Reversing.
In this action to recover damages for the unlawful extraction of coal from under their premises, plaintiffs, recovered a judgment for $3,750. Defendant appeals. Appellees claim ownership by adverse possession under color of title. Their ownership was denied, but no claim of title was set up by defendant.
It is first urged that plaintiffs must recover on the strength of their own title, and, failing to show this, appellant was entitled to a peremptory instruction. As to this the proof shows that in 1908 appellees entered into the actual possession of the land in controversy under a deed duly executed, acknowledged, and recorded and have since maintained possession thereof, and that the coal was extracted either in the year 1920 or 1921. It is true that their possession had not at that time ripened into title, but possession under color of title is sufficient to authorize recovery against a wrongdoer. Eureka Coal Mineral Co. v. Johnson,
2. The five-year statute of limitation was pleaded. It appeared that the alleged taking occurred either in 1920 or 1921, and the petition was not filed until January 7, 1927, and it is claimed that the court erred in refusing to instruct the jury peremptorily to find for defendant on this ground. However in the petition the appellees allege that they did not ascertain and had no means of discovering that appellant had removed the coal for which they sued until the year 1923. We have recently *Page 223
held that a plea of the statute may be thus anticipated in the petition. Dowell v. Gray Von Allmen Sanitary Milk Co.,
3. The appellant's witnesses deny extracting any coal from under appellees' premises, and, according to its engineer, who has made surveys both of the surface and of the interior, not over one-quarter of an acre of appellees' premises contained coal that could have been mined profitably. This would not have produced over 1,400 tons; the royalty value being 10 cents a ton.

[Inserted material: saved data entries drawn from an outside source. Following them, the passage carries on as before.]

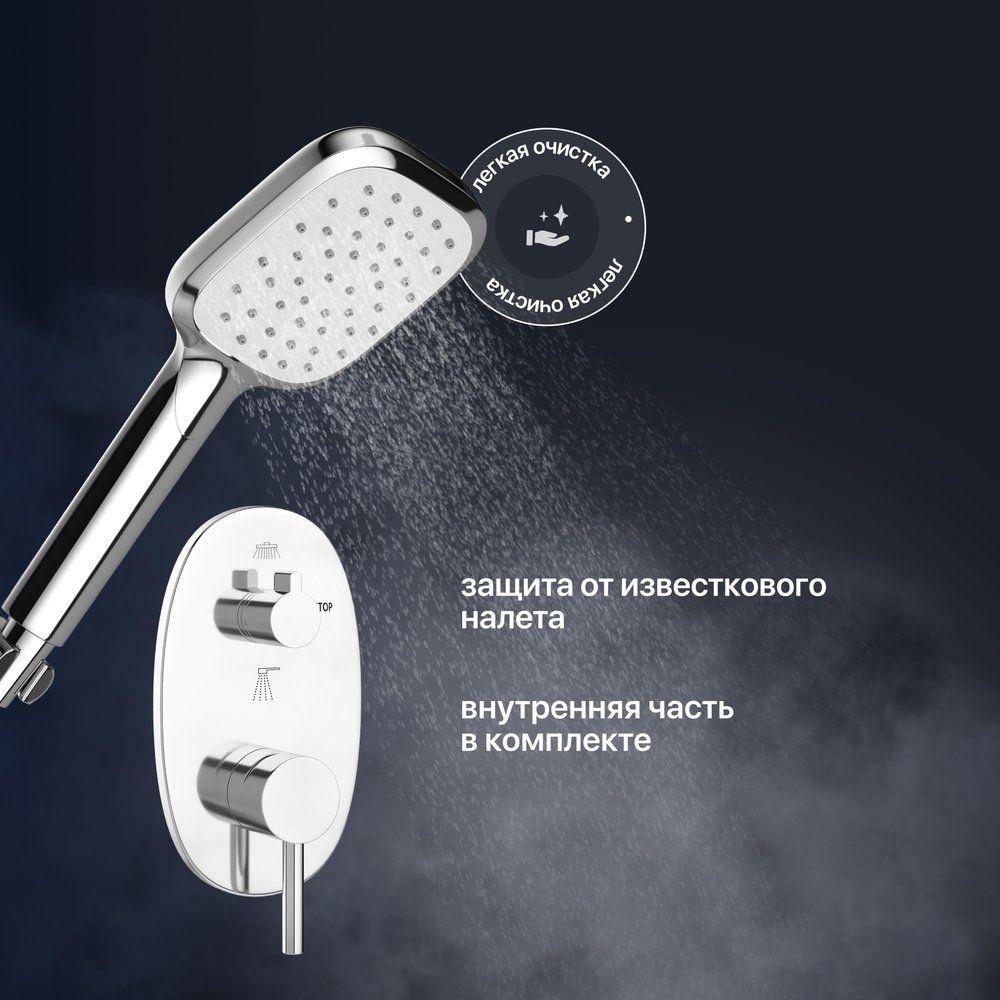 Душевой комплект включает душевой гарнитур и верхний душ диаметром 25 см с режимом струи. Смеситель обеспечивает удобное управление потоками, а душевой шланг длиной 150 см не перекручивается благодаря поворотным соединениям. Керамический картридж стандарта подводки 1/2 гарантирует долговечность и плавное движение. Изделие изготовлено из качественной латуни и АБС-пластика. Предусмотрены двусторонняя защита и функция экономии воды, что значительно снижает ее расход. Каждый компонент соответствует высоким стандартам качества, что подтверждается 5-летней гарантией от производителя.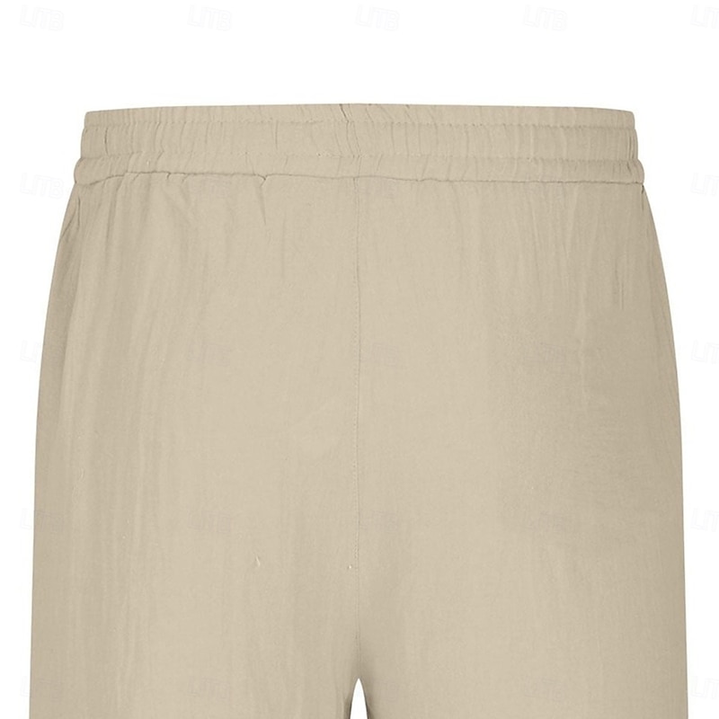 More information about Men's Cargo Pants Linen Pants Trousers Shorts Summer Pants Elastic Cuff Plain Comfort Breathable Full Length Casual Daily Holiday Vacation Fashion Black White Inelastic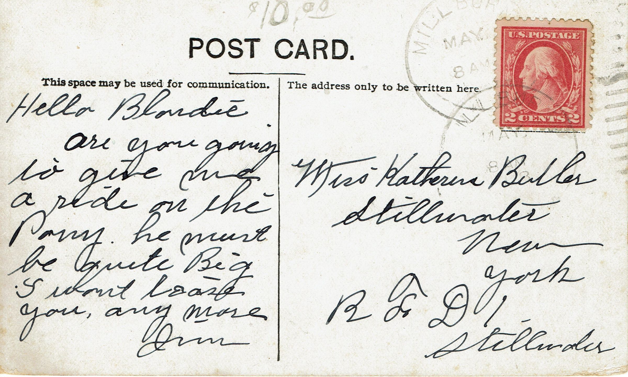Photographic postcard of Main Street, Millburn Looking North. View is taken near Taylor Park with the intersection of Millburn Avenue and Main Street in the distance. The postcard is postmarked Millburn, May, 8 am (year is illegible). Postcard is addressed to Mrs. Katherine Butler Stillwater, New York. R.F.D. Stillwater.Collection

Appellees' evidence is to the effect that there are two layers of coal, the principal strata being 4 1/2 feet in thickness with a lower strata of 18 inches, both of which could have been profitably mined; that appellant did extract the first strata, leaving it unprofitable to mine the other; that appellees started to mine their own coal in 1923 and ran into the rooms where appellant had extracted the coal; that when thus exposed to the air the earth caved in, but that appellee Hiram Hensley took a tape line, crawled around in the mine and made certain measurements by which he was able to tell that coal had 'been extracted from approximately an acre of his land. He also had both the surface and the interior surveyed and a map made. However, the surveyor was not offered as a witness, and the court did not permit the map to be introduced in evidence. He further testified that there was practically an acre of his land embraced within the space between the outcropping and his line adjoining appellant; that there was a subsidence of the surface over a large part of this, it not distinctly appearing how much. He had calculated this as an acre, and, according to the thickness of the two strata, estimated that it would have produced 6,468 tons of coal, that the customary royalty of coal in place in that locality at that time was 50 cents a ton, and that he was thereby damaged $3,234. As to such value he was corroborated by another witness who qualified himself in that respect. The evidence as to the royalty value was competent. The evidence as to the amount of coal extracted is indefinite as it is hard to understand how a person can measure the interior of a mine without a known starting point and surveyor's instruments so as to identify it with a surface location. Also, while it is easy to calculate the amount of coal of a certain *Page 224 thickness in a given area from a surface survey, nevertheless in order to make such calculation the basis of damage, it should be clear that the coal actually extracted was beneath the surface so surveyed. Appellees' testimony does not make this clear. Aside from this, the jury returned a verdict for $3,750 or $500 in excess of his estimate, and it is therefore clearly excessive, and a new trial should be awarded on this ground.
4. In the first instruction the court submitted the question of title paper to the jury. This was erroneous, and will be omitted in another trial, as the only question is whether the appellees were in the actual possession of the boundary described in their deed claiming it thereunder, and if appellants had removed coal therefrom.
Wherefore the judgment is reversed, and cause remanded for proceedings consistent with this opinion.